I lean out the window and holler to him, you look good that way honey! He doesn't laugh or smile, humph. He must be in a bad mood..oh yeah..he has been on that tractor all day long. I truly am starting to feel better now as I turn the music up..loud in my air conditioned truck. Uh oh, I missed the signal to move forward to receive another bale on my trailer. I cut the music down a bit now, so that I really can pay attention. You know, I wouldn't want to make him mad... Hmm..maybe I can rock the truck a bit back and fourth so that he can't drop the bale, you know, being a woman I just can't do things like a man. Being blond helps too. lol Now this is starting to be fun, pretending that I can't drive the truck into the right position. Holidays...

Just as I suspected would happen, he gets off the tractor and comes over to the truck. His head is down and his stride is long and fast. Oh, and look at those little fists clenched into a ball. I hide my smile and lean out the window asking ever so sweetly if everything is alright. He proceeds to tell me in a voice so loud that the words can't be decoded, that I need to keep the truck stopped while he is putting the bale on. He then goes into a dissertation of keeping the bales tight so they don't fall off while going down the road. I raise my head and smile. Uh oh..no he's not..yes, he is pointing... at me with a big ol finger in my face. Poor thing, hasn't he learned anything after all these years? My smile turns into a thin line as I reply, ok Daddy.

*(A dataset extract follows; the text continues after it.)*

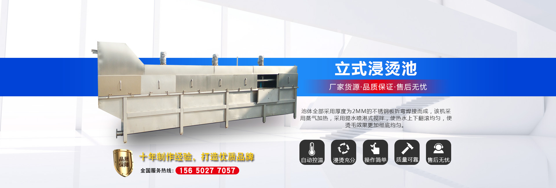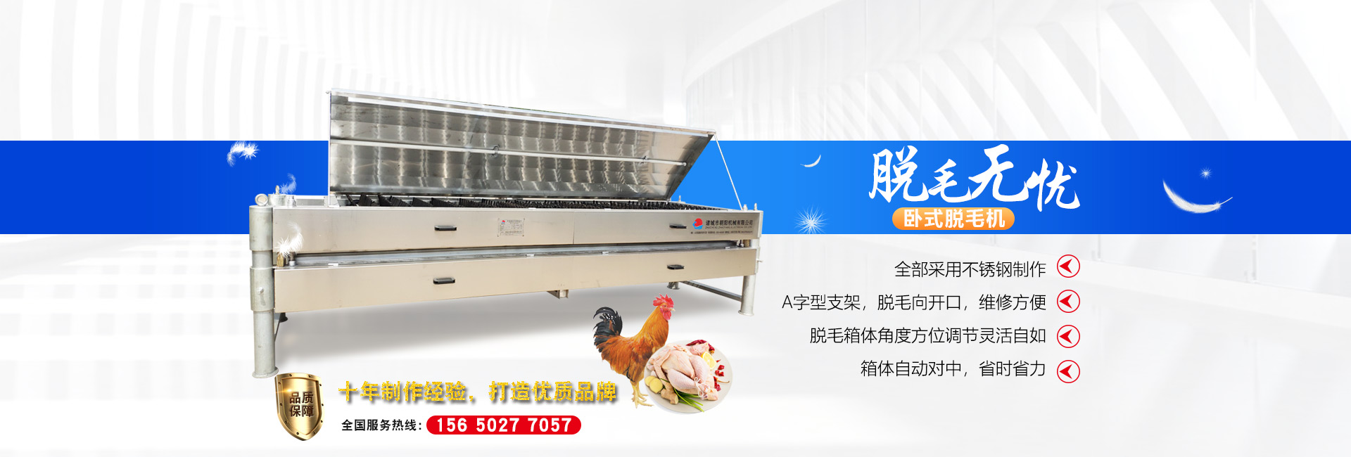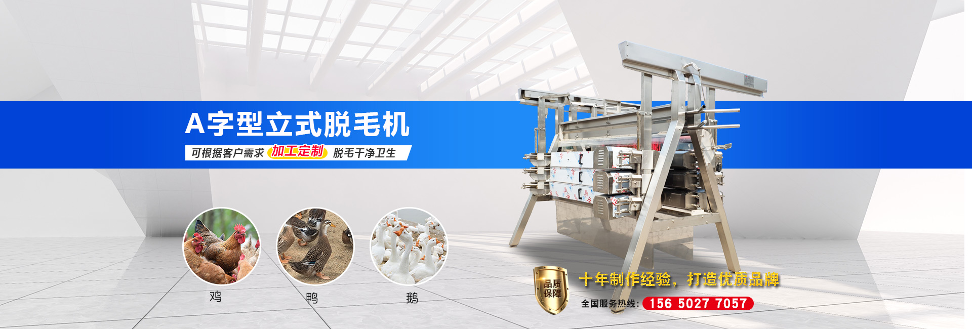 公司長期與國內(nèi)外屠宰加工企業(yè)合作,走引進——消化——創(chuàng)新和自主研發(fā)相結(jié)合的道路,在國內(nèi)外同類產(chǎn)品的基礎(chǔ)上,不斷更新和改造。公司主要設(shè)備有:A字型立式脫毛機、臥式脫毛機、強力噴淋機、松毛機、浸燙池、螺旋預(yù)冷機、禽籠清洗機、電暈機、兔扯皮機、兔割前爪/后爪機、剝胗機、自動洗鉤機、螺旋燙爪機、雞爪脫皮機、分割輸送帶等屠宰用設(shè)備。其中,公司獨力發(fā)明生產(chǎn)設(shè)計的“電動調(diào)節(jié)脫毛機”及“自動控水控溫浸燙池”順利通過知識產(chǎn)權(quán)局的實質(zhì)性審查。公司所生產(chǎn)的設(shè)備 可與國外同類產(chǎn)品配套使用,設(shè)備遠銷阿爾及利亞、澳大利亞等中東、非州等并建立了長期穩(wěn)定的合作關(guān)系。

That stopped his tirade of how to drive a truck. Yes, he had learned his lesson now. He knew he was in for it, as my son a few yards away sitting on the other tractor just shook his head and laughed. He knew this was going to be a long night now. He gets off his tractor and comes over to the ol farmer. They talk for a few minutes and the ol farmer gets on the other tractor as my son takes over loading my trailer. Tricked!! My own son has gotten the best of me, just as I was planning my revenge so sweetly. I feel the heat rising now, as I know now I must behave. After all, my son had nothing to do with my being there, it wasn't his fault. I am thoroughly disgusted that I don't get the opportunity to rock that truck and make things difficult, when my sweet son is smart enough to ask if I feel ok.
Yep, my heart has melted and I am now contented to behave and do my job..the right way. The day got longer as we continue into the night to tote those bales and put them safely in the barn.

Everyone is tired and hot as we head to the house to finally grab some kind of dinner. I pull out leftovers and make everyone a plate, thinking how grateful that I had enough to make a meal for them quickly. Thinking too, that the ol farmer would feel better now with a good meal in his belly and the cool air on his face. No...I was wrong. He must not feel too much better as he says he will have to feed the sweet corn to the cows that we had planned to have on this holiday since I didn't get it fixed for dinner. Of course his meaning was, that he had counted on that corn for dinner and he was disappointed, so his smarmy remark at 10 o'clock at night didn't quite sit with me, not quite at all.

Of course, he has no memory at all that I have the flu, actually, the day has gotten so completely out of whack, I really don't know if I still have a head. The remark about the corn however has struck a chord. Fine, you want corn so bad, you sir, will get corn. I pull out the bag of corn and start to shuck it. In the middle of the kitchen floor. I place each fine kerneled piece into a pan on the stove, the water is starting to boil now, much like my blood. He is trying to apologize with all his might at this point, telling me he didn't mean it, he is so sorry. I continue to shuck corn, not saying a word. He hangs his head and proceeds to pick up the shucks I have carelessly (purposly) let fly on the floor. My son doesn't know if it's appropriate to laugh or not, after all, this ol farmer is his stepfather.
He can stand it no more and rolls into uncontrollable laughter. It's catching and we are all finally standing in the middle of corn shucks laughing our heads off.

We did finally enjoy that corn on the cob that night, dripping in butter and laughter, after much ado about it on my part of course, you know, being a woman. Now that we were all fed and full, everyone was in a better mood, even me. My flu seemed to have...boiled away.